How to run a script for multiple inputs and save result objects based on the name of input?

To run the same set of commands and save the result objects for each time series, I wrote the script in the following manner :
# Specify time series to be used
dat <- tsname
# Run a set of commands and fit models with different parameters
dat.1 <- model1(dat)
dat.2 <- model2(dat)
dat.3 <- model3(dat)
# Save objects for further analysis
tsname.1 <- dat.1
tsname.2 <- dat.2
save(tsname.1, tsname.2, tsname.3, file = paste0("tsname", ".rda")
In this way, we just need to change the script in the beginning and end, save the script for each time series and run each of them individually or in a main script.
The main reason for this method was because I could not find a way to rename the objects created and some search suggested that the above is the only way to do it.
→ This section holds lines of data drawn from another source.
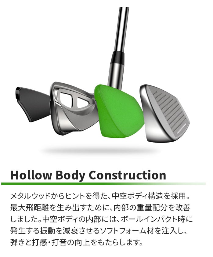 DS-ADAPT MAXアイアンは高い安定性能と高い打出し角が得られる、最先端テクノロジー搭載の中空アイアンです。
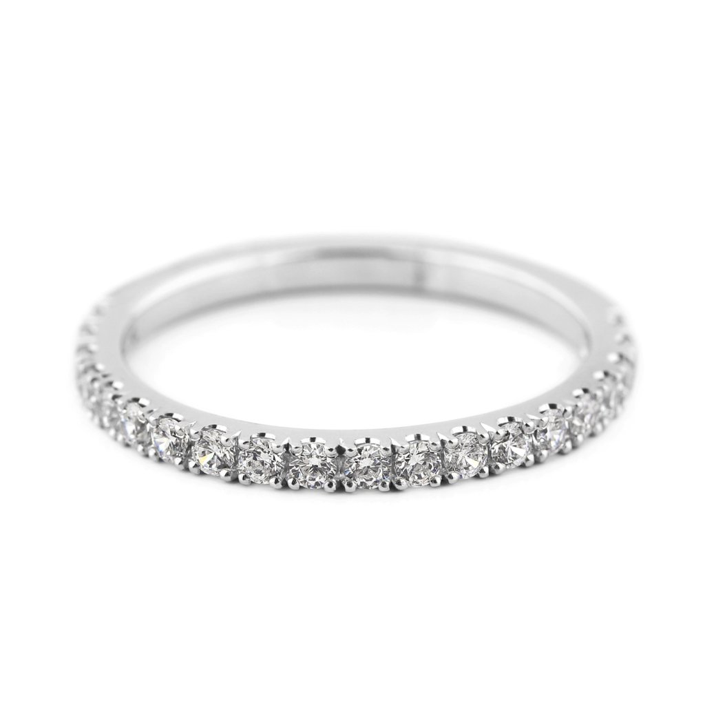 Tento dámský snubní prsten z bílého zlata je ztělesněním věčné elegance. Dvacet diamantů o velikosti 1,7 mm je zasazeno po celém obvodu prstenu v jemném rytmu, který vytváří souvislou jiskřivou linii. Prsten působí jako nekonečný kruh světla — bez začátku a konce, stejně jako láska, kterou symbolizuje.
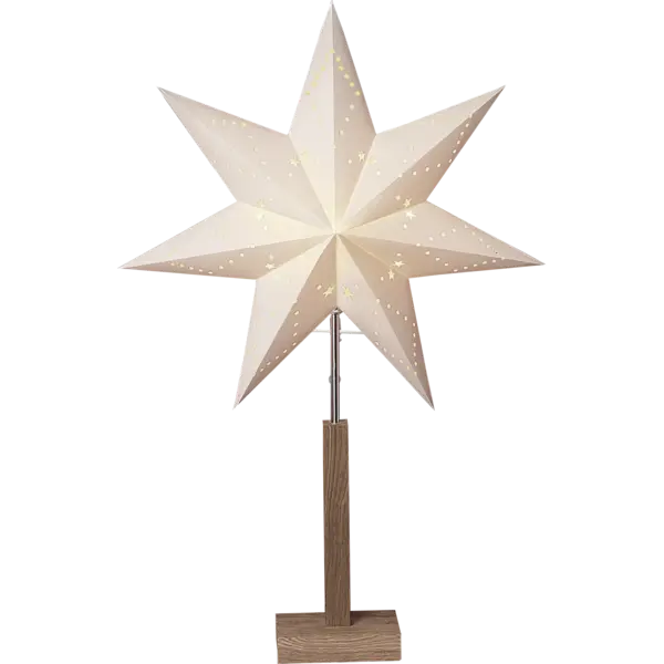 Stjärna på fot i klassisk vit färg. Stjärnan är fint mönstrad och gör sig väldigt bra i ett fönster. Sprider mysig julstämning i huset. Höjden är 70cm.

Now as the number of series has increased, it is preferable to either use a for loop, foreach, batch script or commandArgs() to run one script and specify all time series as arguments.
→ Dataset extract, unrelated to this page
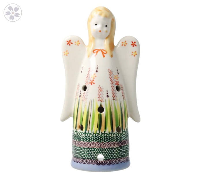 Lampion w kształcie anioła. Produkt ręcznie formowany i dekorowany w Manufakturze Galia Bolesławiec.
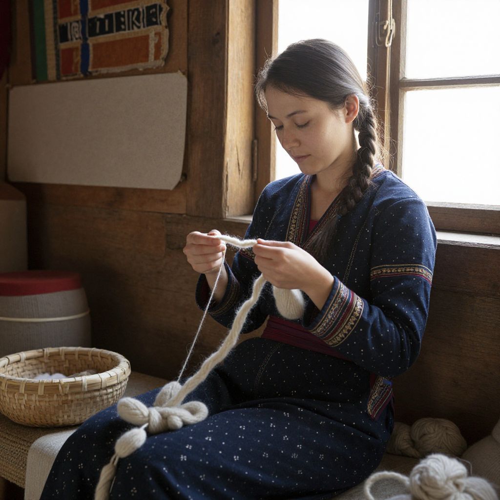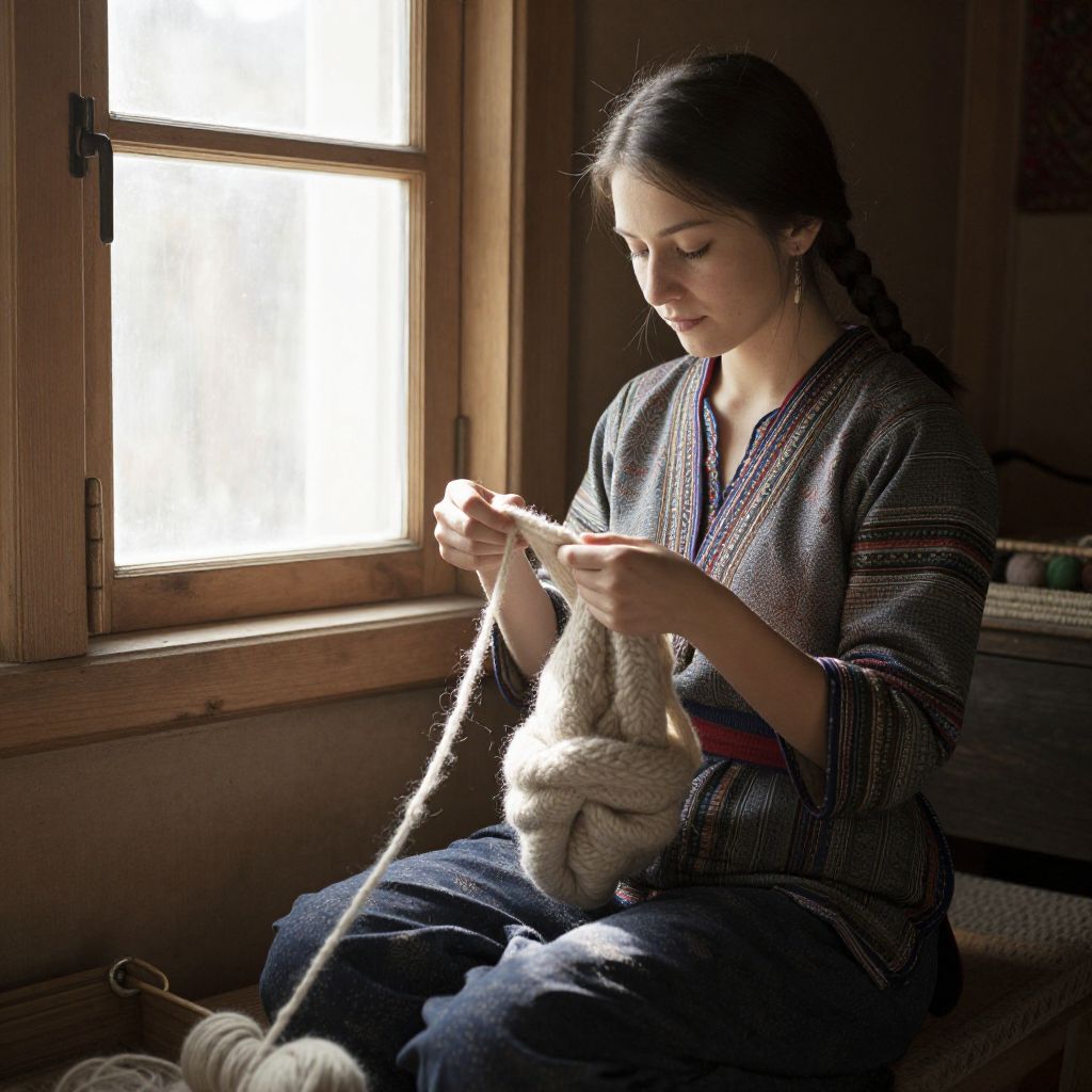 Woman seated by a window, skillfully spinning wool with a serene focus, her hands deftly manipulating the soft, fluffy fibers as sunlight streams through the wooden frame, illuminating her traditional attire and the rustic charm of the room.

To make that work though, the script must find a way to assign these objects with name of series itself so that they can be loaded later for further analysis.
How can we make such a script work or is there a better approach ? Which method of looping will work in that case ?
A MWE
set.seed(1)
tsdata <- ts(rnorm(250), start = c(1980,1), frequency = 12)
dat <- tsdata
dat.11 <- arima(dat, order = c(1, 1, 1))
dat.21 <- arima(dat, order = c(2, 1, 0))
tsname.11 <- dat.11 # problem is to specify this step in each script
tsname.21 <- dat.21
save(tsname.11, , file = "tsname.rda")
REVISED the code
How can we execute this script for multiple time series and store the results and result objects for further analysis ? If Batch command can be used, what is the best way to input set of multiple time series?
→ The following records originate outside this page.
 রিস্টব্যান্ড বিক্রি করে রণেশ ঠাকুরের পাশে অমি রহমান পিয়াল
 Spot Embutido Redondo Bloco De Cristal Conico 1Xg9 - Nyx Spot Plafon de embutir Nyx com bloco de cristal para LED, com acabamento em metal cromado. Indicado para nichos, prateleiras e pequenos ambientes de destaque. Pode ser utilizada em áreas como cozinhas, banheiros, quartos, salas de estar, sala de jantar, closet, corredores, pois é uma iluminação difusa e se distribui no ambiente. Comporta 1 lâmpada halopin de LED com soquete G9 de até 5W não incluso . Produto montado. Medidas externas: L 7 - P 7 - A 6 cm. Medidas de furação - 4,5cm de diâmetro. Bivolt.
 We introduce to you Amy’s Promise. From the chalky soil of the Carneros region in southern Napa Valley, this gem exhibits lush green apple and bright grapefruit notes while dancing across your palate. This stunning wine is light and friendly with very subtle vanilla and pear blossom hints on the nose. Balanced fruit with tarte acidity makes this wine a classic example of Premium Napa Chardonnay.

How can we run the script for one series, over a set of time series of same or mixed length?

I show a couple ways to create and retrieve individual objects using assign and get, but also provide an alternative where all model runs are stored as different elements of a list. Similarly, I show how you can save each model run in separate files (soi.1.rda, etc), but that you can also save everything together, in one step :)
# ===========================================
# = Set up model params, generate test data =
# ===========================================
mod.param <- 1:5 # orders of AR to try ...
test.soi <- arima.sim(model=list(ar=c(0.5, -0.2)), n=20)
# ===========================================================
# = Create empty vectors/ list to store data and data names =
# ===========================================================
dat.names <- c() # a place to store the names of the individual objects that we'll create
save.names <- c() # the names of the files to save, e.g., "soi.1"
dat.all <- list() # as an altnerative, you can save each analysis in different elements of a list
# ===================================================
# = Loop through each type of model, saving results =
# ===================================================
for(i in 1:length(mod.param)){ # loop through each model you want to run
temp.dat <- arima(test.soi, order=c(mod.param[i], 0, 0)) # temp.dat is the current model result
dat.names[i] <- paste("dat", i, sep=".") # dat.names stores the names of all the dat.x objects
assign(dat.names[i], temp.dat) # use assign() to create an object with name of temp.dat.name
# dat.all[[dat.names[i]]] <- temp.dat # store the object in a list
dat.all[[dat.names[i]]] <- get(dat.names[i]) # same as above, but using get(), which complements assign() nicely
save.name <- paste("soi", i, "rda", sep=".") # I'm assuming the file should be named soi.1.rda, not soi.rda
save(list=dat.names[i], file=save.name) # save soi.1.rda, soi.2.rda ... etc.
}
# But we don't have to save each file individually!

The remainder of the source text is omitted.